Premise B: political action to create less income inequality would not be better.
Conclusion: Since A does not equal B, confidence fairies, ponies, and rainbows.
If you don’t want higher taxation on the rich, you should just say so. No rationale is really required. But to present this as a logical argument is beyond embarrassing. It’s a preference.
Insofar as there is any logic to it, the argument is that the government cannot take action to lower income inequality because that would “bruise” rich people and cause them to lose confidence, which would cause them to withdraw from investment opportunities, which would lessen economic growth, which would hurt everyone and solve nothing.
One problem with this argument is that Samuelson acknowledges that there was a time when income inequality wasn’t so great in this country:
In 1954, American economist Simon Kuznets (1901-85) argued that income inequality would fall as societies modernized.
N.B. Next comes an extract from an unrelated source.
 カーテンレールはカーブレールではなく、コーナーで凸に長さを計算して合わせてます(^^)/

Workers would move from low-paid farm jobs to better-paid industrial jobs. Gaps would narrow.
This seemed to have happened in the United States. From the 1920s to the 1950s, the income share of the richest 10 percent fell from around 50 percent to about 35 percent. But now it’s rebounded to the late 1920s’ level. This stunning fact, published previously in academic journals, helped make inequality a big political issue.
What happened policy-wise in the period between the 1920’s and the 1950’s? That happens to correspond exactly with FDR and Truman’s five terms in office. Therefore, it also corresponds with the apogee of labor power and the introduction of strong regulatory and redistributive schemes that have been systematically weakened since that time. If you look an income distribution as a grandfather clock, the pendulum has swung all the way back to where it began in the 1920’s.
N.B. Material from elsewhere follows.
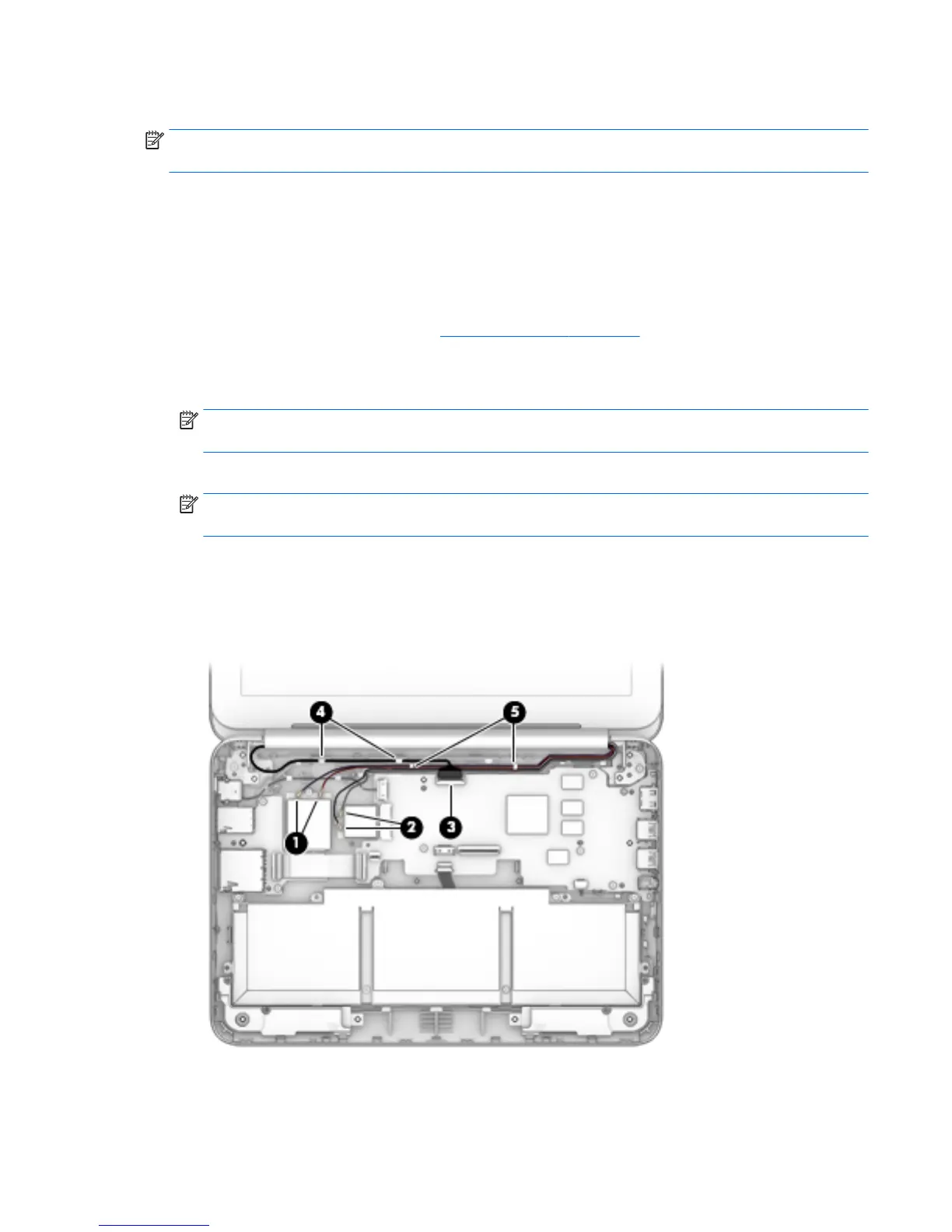 5. Release the WLAN antenna cables from the routing clips (5) and channel built into the base enclosure.

Remember that Mr. Samuelson wrote that it “would be better” if there were less income disparity. Either he doesn’t really believe that or he expects some kind of magic to solve the problem. But we have at least a rough blueprint for how to tackle the problem. Obviously, times have changed and we can’t expect to just slap 1930’s solutions onto 2010’s problems and get the exact same results, but we also don’t need to reinvent the wheel.
Before we can do anything, however, we have to admit that policy has the power to address the issue.